Reference No: 201302805/7/8
Decision Date: 18 February 2014

Summary

On 7 February 2013, 30 March 2013 and 6 September 2013, Mr Kerr asked Dumfries and Galloway Health Board (NHS Dumfries and Galloway) for various items of information relating to the authority's staff. NHS Dumfries and Galloway withheld information on the basis that the information was personal data and exempt because disclosure would breach the first data protection principle.

Following an investigation, the Commissioner accepted NHS Dumfries and Galloway's position and found that the authority was entitled to withhold the information.
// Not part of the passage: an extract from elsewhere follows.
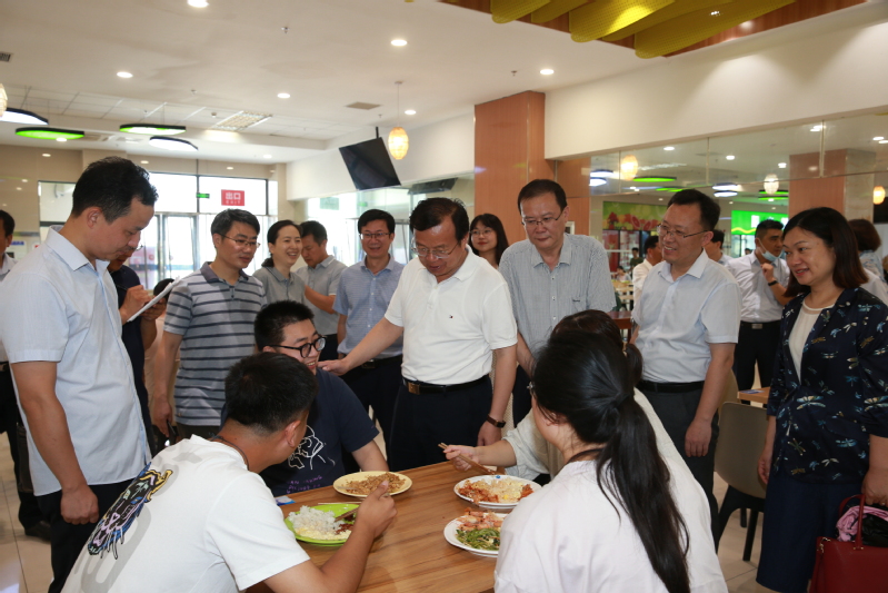 在东苑食堂一楼,周南平校长与用餐师生交流,“菜价是否贵了?”“菜的口味是否还满意?”“一定要注意营养。”……他表示,后勤的菜品要丰富调整,要根据学生的兴趣满足不同口味需求,要努力让每一餐都有同学们喜欢的菜,同时要把食品卫生安全放第一位,服务保障不打折。
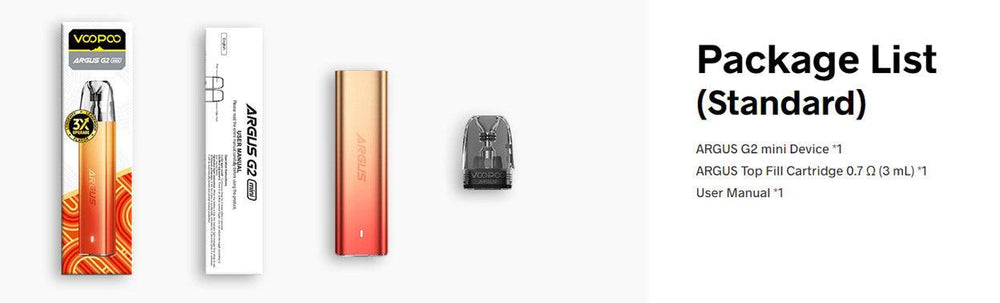 VOOPOO Argus G2 Mini Pod System Kit, an enhanced iteration of the Argus G2 boasting a robust built-in 1200mAh battery with 30W max, a 3ml e-juice capacity, and a convenient side filling system to prevent leakage. Compared to its predecessor, the Argus G2 Mini is more compact and lightweight, perfect for on-the-go vaping. It features LED battery indicator for easy use and precise airflow adjustment to customize your vaping. Packed with upgraded Argus Top Fill Cartridge, it can achieves leakage-free for 30 days of standing, 90ml coil lifespan, and rich taste. It is also compatible with Argus Cartridge Side Fill Version, Argus Empty Cartridge and ITO Coil.

Relevant statutory provisions

Freedom of Information (Scotland) Act 2002 (FOISA) sections 1(1) and (6) (General entitlement); 2(1)(a) and (2)(e)(ii) (Effect of exemptions); 38(1)(b), (2)(a)(i), (2)(b) and (5) (definitions of "data protection principles", "data subject" and "personal data") (Personal information)

Data Protection Act 1998 (the DPA) sections 1(1) (Basic interpretative provisions) (definition of "personal data"); Schedule 1 (The data protection principles, Part I: the principles) (the first data protection principle) and Schedule 2 (Conditions relevant for purposes of the first principle: processing of any personal data) (condition 6)

The full text of each of the statutory provisions cited above is reproduced in the Appendix to this decision. The Appendix forms part of this decision.

Background

Request 1

1. On 7 February 2013, Mr Kerr wrote to NHS Dumfries and Galloway, requesting the following information:

a) The domestic staff signing in-out sheets for night shift for specified dates, when he stated staffing was at a reduced level;

b) The equivalent information for other specified dates, when he stated staffing was at a more normal level.

2. NHS Dumfries and Galloway responded on 19 February 2013. It provided numbers of domestic staff on duty for the dates specified at 1(b) above, and confirmed that it had already provided the equivalent figures for the dates specified at 1(a). It informed Mr Kerr that the actual sheets were being withheld under section 38 of FOISA on the basis that they comprised the personal data of the staff concerned.

3. On 31 March 2013, Mr Kerr wrote to NHS Dumfries and Galloway, requesting a review of its decision. He confirmed that any personal data could be redacted from the information.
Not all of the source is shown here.